Stored records:

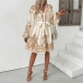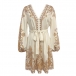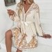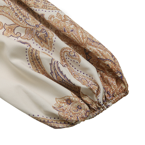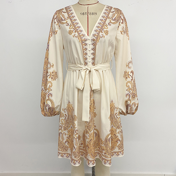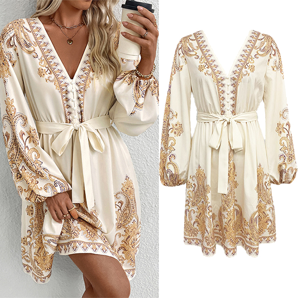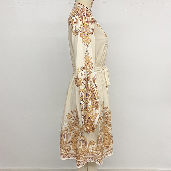 Vintage Paisley Printed V-neck Long Sleeve Self-tie Dress
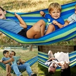 Visečo mrežo lahko preprosto obesite z dvema priloženima vrvicama na drevesa ali druge stabilne strukture. Njena uporaba je prilagodljiva in enostavna, doma ali na dopustu.
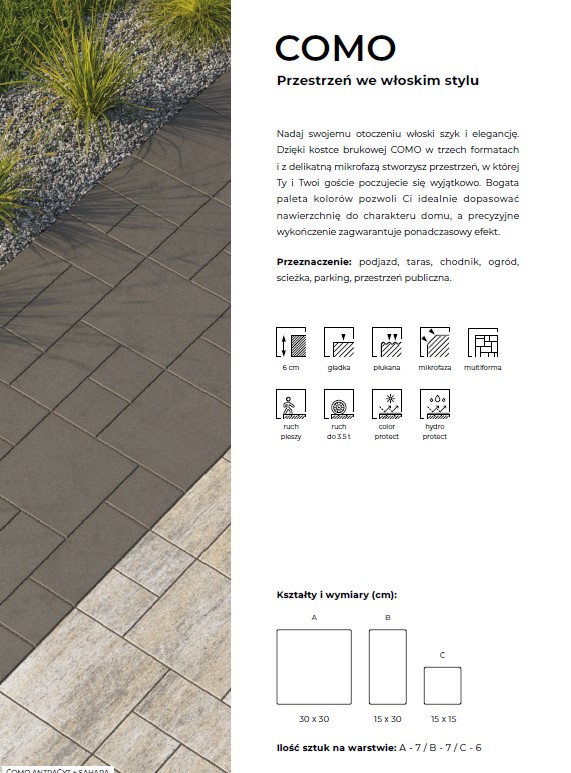 Kostka brukowa COMO dostępna jest w trzech praktycznych formatach, ma grubość 6 cm i posiada delikatną mikrofazę, która podkreśla jej stylowy charakter. Precyzyjne wykonanie każdego elementu sprawia, że doskonale sprawdza się zarówno przy prostych, jak i bardziej wymagających, kreatywnych aranżacjach.
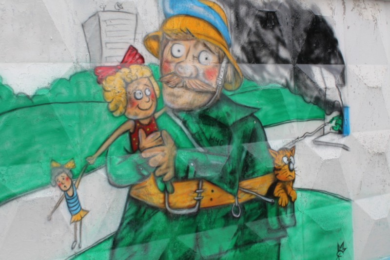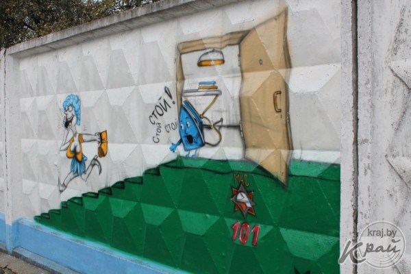 На бетонных стенах рынка уличный художник изобразил пожарного, а также напомнил о том, что не стоит забывать выключать электроприборы, и отдельно детям – о том, что спички могут привести к беде.
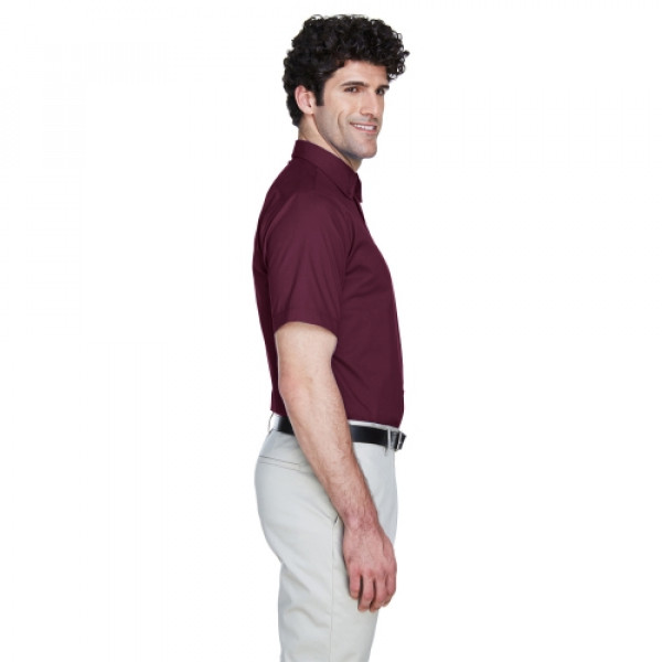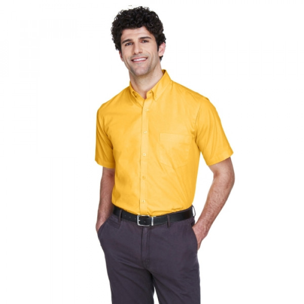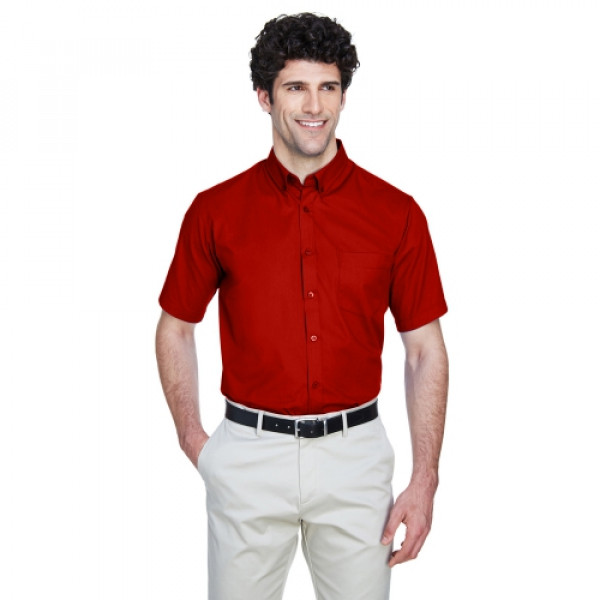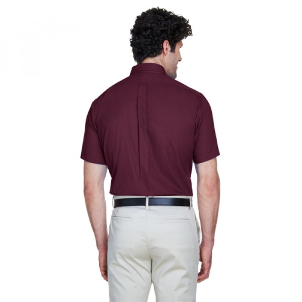 ::55% cotton/45% polyester twill, 4.4 oz./yd2/150 gsm::UV protection performance::button-down collar::durable flat felled side and underarm seams::left chest pocket::back yoke with box pleat
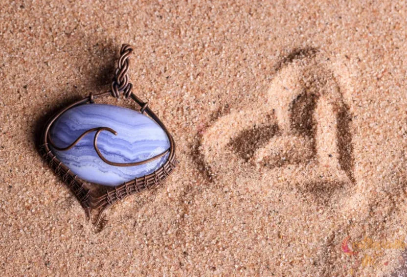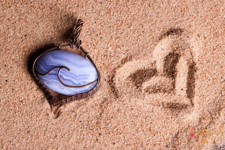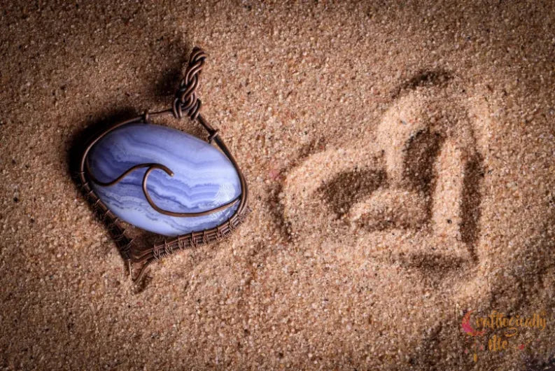 The Blue Lace Agate Sea Wave Pendant captures the soothing essence of the sea with its natural sky-blue gemstone wrapped in an elegant wave-inspired design. Handcrafted in oxidized copper wire, this pendant combines earthy tones with serene blues, reflecting balance, peace, and clarity. Each piece is uniquely crafted to highlight the gemstone’s delicate lace-like bands.
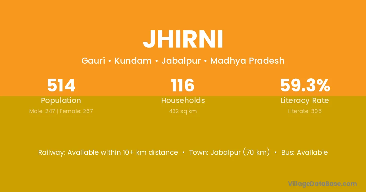 Jabalpur (70 km) is the nearest town to Jhirni village for major economic activities and is located approximately 70 km away.
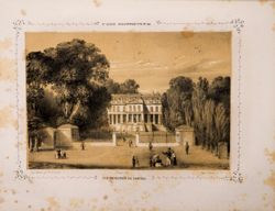 St. Cloud daguerréotypé No 52, Vue principale du Chateau. in: Paris et ses environs, reproduit par le daguerréotype. Sous la direction de M. Ch. Philipon. Artistes: MM. Arnout, Bayot, Bichebois, Bour, Boys, Cauchie, Cuvillier, Dumouza, Jaime, Nouveau, Provost, Sorrieu, Tirepenne et Villeret. - Paris. Chez Aubert et Cie, Editeurs, Marchands d'estampes et imprimeurs lithographes. - 1840.
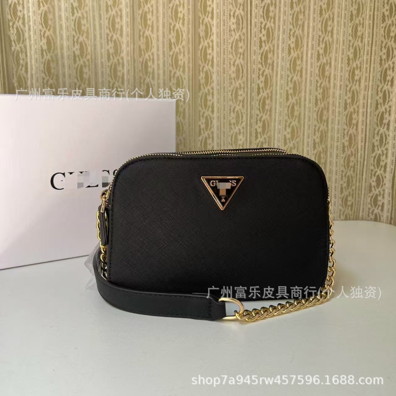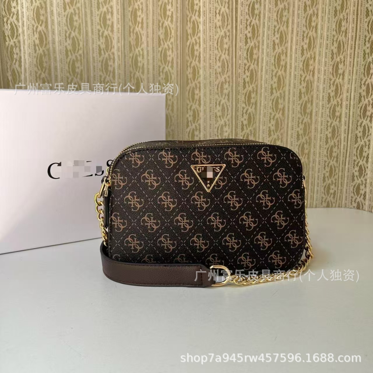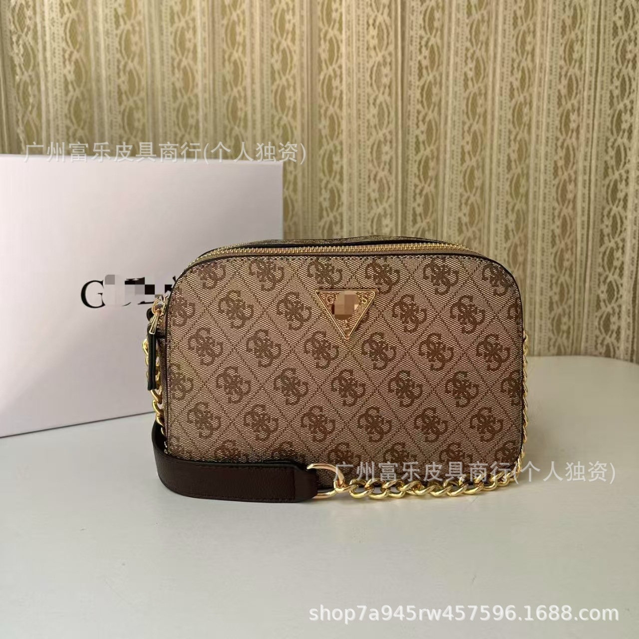 GS 대외 무역 유럽과 미국의 새로운 스타일 인쇄 복고풍 역삼각형 체인 접합 카메라 가방 작은 사각형 가방 싱글 숄더 크로스 바디 여성용 가방스토어 가기
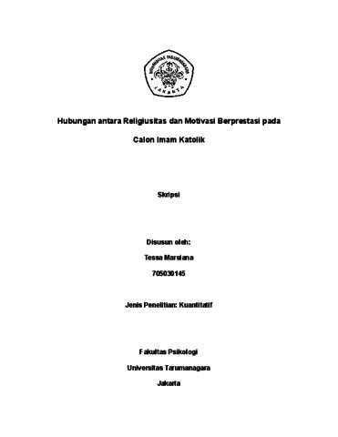 Marsiana, Tessa (2022) Hubungan antara Religiusitas dan Motivasi Beprestasi pada Calon Imam Katolik. Skripsi thesis, Universitas Tarumanagara.
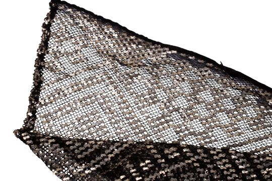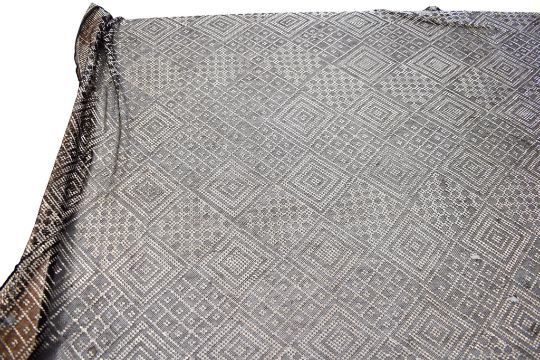 An Indian style white metal and black mesh shawl. With a geometric design, circa 100cm x 200cm.
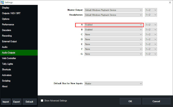 Next go to Settings -> Audio Outputs -> and set the Bus A option to Enabled. Then press OK.
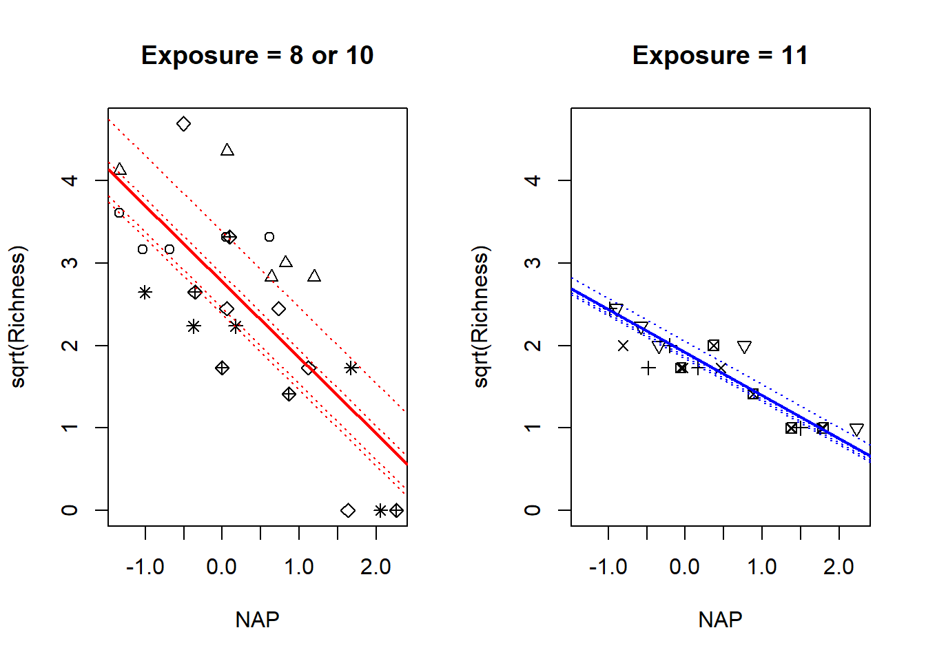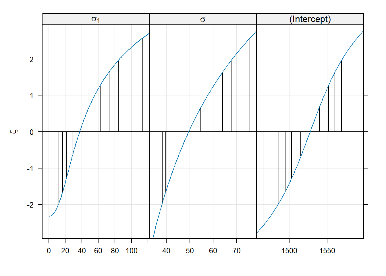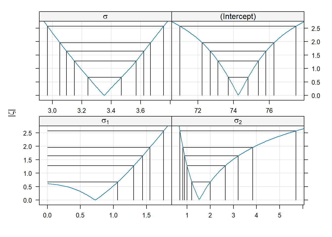 Within each panel, the values plotted on the vertical axis are the signed square roots of the likelihood ratio test statistic. This value is denoted by the Greek letter \(\zeta\) (“zeta”); hence, the plots we are viewing are called zeta-plots.
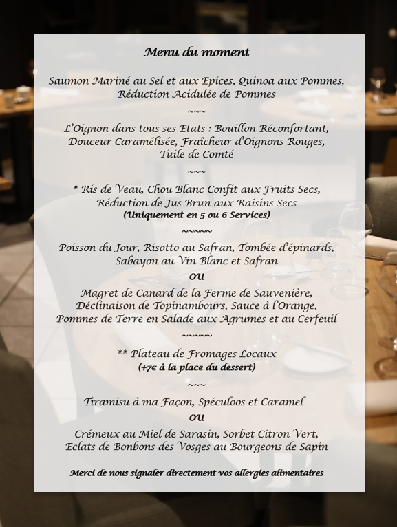 ⚠️ Le samedi, le menu est de minimum 4 services. Merci de votre compréhension.
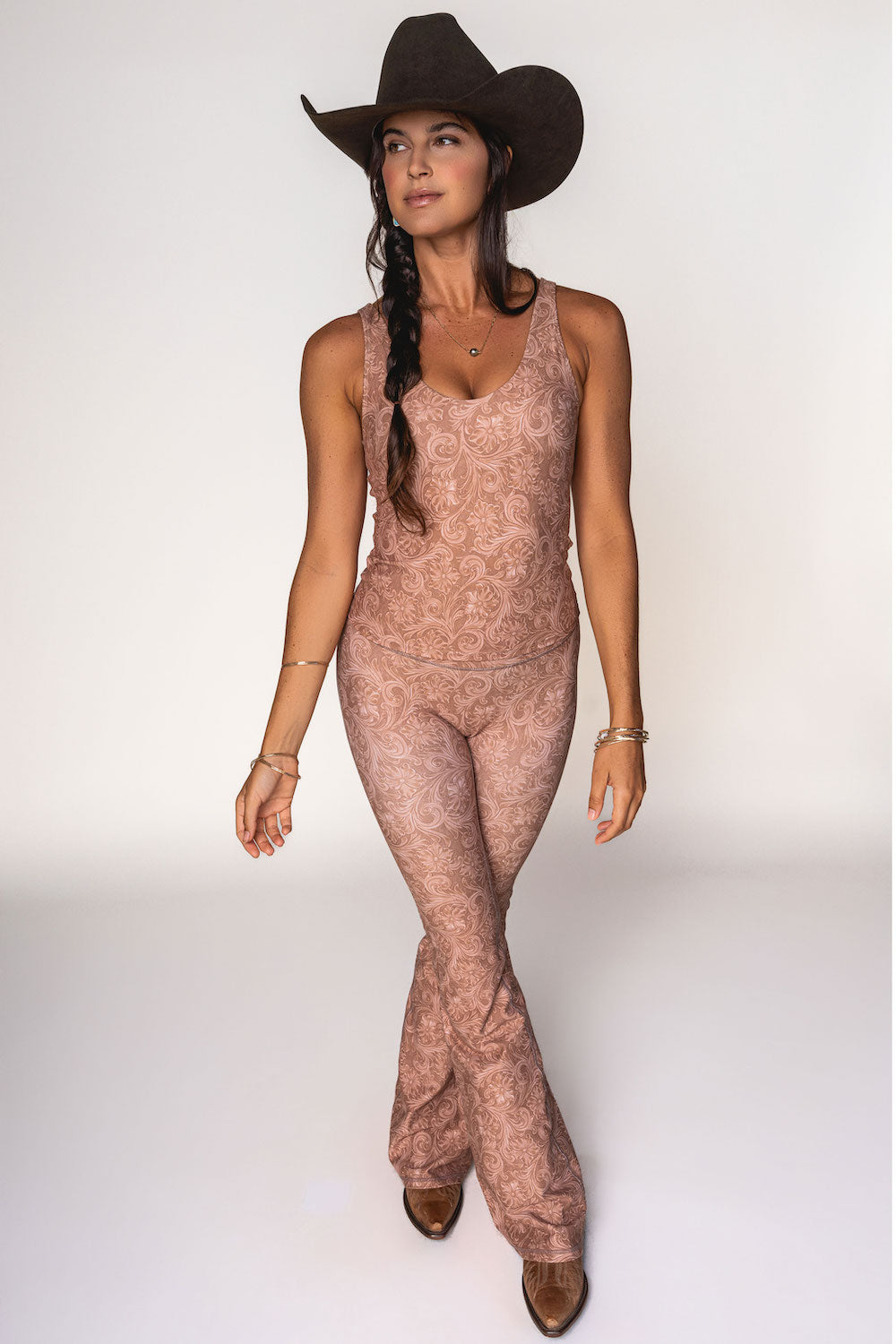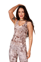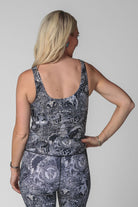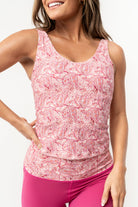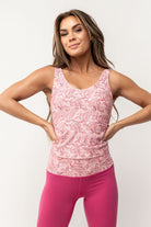 This bra-meets-tank is flattering, functional and fashionable. The front and back both scoop for a feminine look that can be worn on the street or in the gym. Wear also as a fitted tank top or layered. SKU# 23SB665

## Assignment
The data above holds the lines to copy: start at the one with "Marsiana, Tessa (2022)", stop at the one with "An Indian style", include both, copy them exactly without pictures, and copy nothing else.

## Solved exercise
 Marsiana, Tessa (2022) Hubungan antara Religiusitas dan Motivasi Beprestasi pada Calon Imam Katolik. Skripsi thesis, Universitas Tarumanagara.
 An Indian style white metal and black mesh shawl. With a geometric design, circa 100cm x 200cm.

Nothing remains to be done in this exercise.